→ Task to carry out:
Below this line is the material. Write out only its lines from the one containing "A BRAGA 2 DC" through the one containing "80%eslactivities.com brings you", both kept, exactly.

→ Records shown:
◇ ◇ ◇ ◇ ◇ ◇ ◇

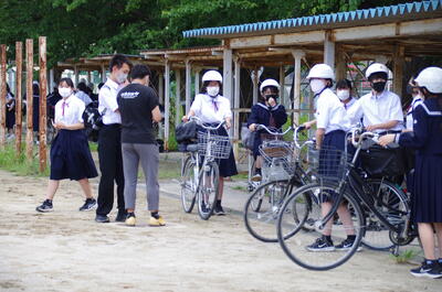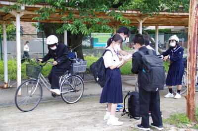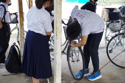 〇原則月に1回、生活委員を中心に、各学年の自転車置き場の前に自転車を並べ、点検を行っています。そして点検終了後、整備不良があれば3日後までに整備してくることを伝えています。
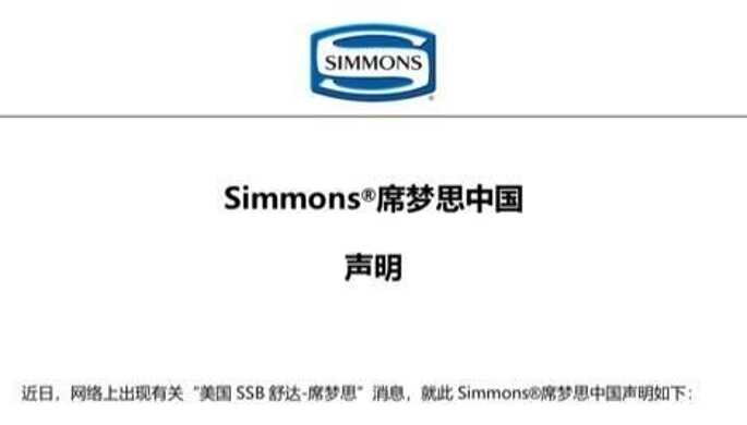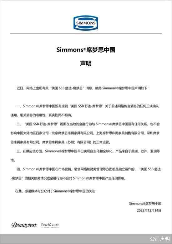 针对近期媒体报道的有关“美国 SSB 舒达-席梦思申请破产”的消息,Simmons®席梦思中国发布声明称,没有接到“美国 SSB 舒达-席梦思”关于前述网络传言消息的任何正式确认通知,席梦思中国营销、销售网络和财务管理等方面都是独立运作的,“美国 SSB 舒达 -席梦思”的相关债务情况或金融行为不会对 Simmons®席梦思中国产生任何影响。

◇ ◇ ◇ ◇ ◇ ◇ ◇

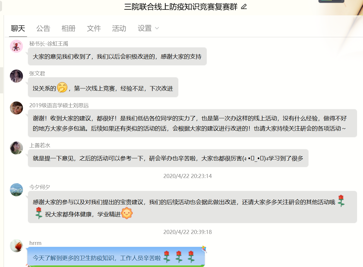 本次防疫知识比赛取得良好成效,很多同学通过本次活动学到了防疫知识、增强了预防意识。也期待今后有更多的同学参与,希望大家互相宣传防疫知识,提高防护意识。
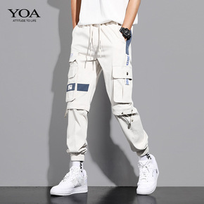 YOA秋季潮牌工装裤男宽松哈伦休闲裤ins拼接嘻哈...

◇ ◇ ◇ ◇ ◇ ◇ ◇

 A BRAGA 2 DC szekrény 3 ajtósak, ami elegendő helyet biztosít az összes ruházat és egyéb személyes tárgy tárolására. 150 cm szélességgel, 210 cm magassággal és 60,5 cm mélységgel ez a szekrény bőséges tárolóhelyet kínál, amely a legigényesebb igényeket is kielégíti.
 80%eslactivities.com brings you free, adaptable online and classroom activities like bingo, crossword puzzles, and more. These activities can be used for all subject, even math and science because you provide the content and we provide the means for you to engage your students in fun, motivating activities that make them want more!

◇ ◇ ◇ ◇ ◇ ◇ ◇

→ Result of this task:
 A BRAGA 2 DC szekrény 3 ajtósak, ami elegendő helyet biztosít az összes ruházat és egyéb személyes tárgy tárolására. 150 cm szélességgel, 210 cm magassággal és 60,5 cm mélységgel ez a szekrény bőséges tárolóhelyet kínál, amely a legigényesebb igényeket is kielégíti.
 80%eslactivities.com brings you free, adaptable online and classroom activities like bingo, crossword puzzles, and more. These activities can be used for all subject, even math and science because you provide the content and we provide the means for you to engage your students in fun, motivating activities that make them want more!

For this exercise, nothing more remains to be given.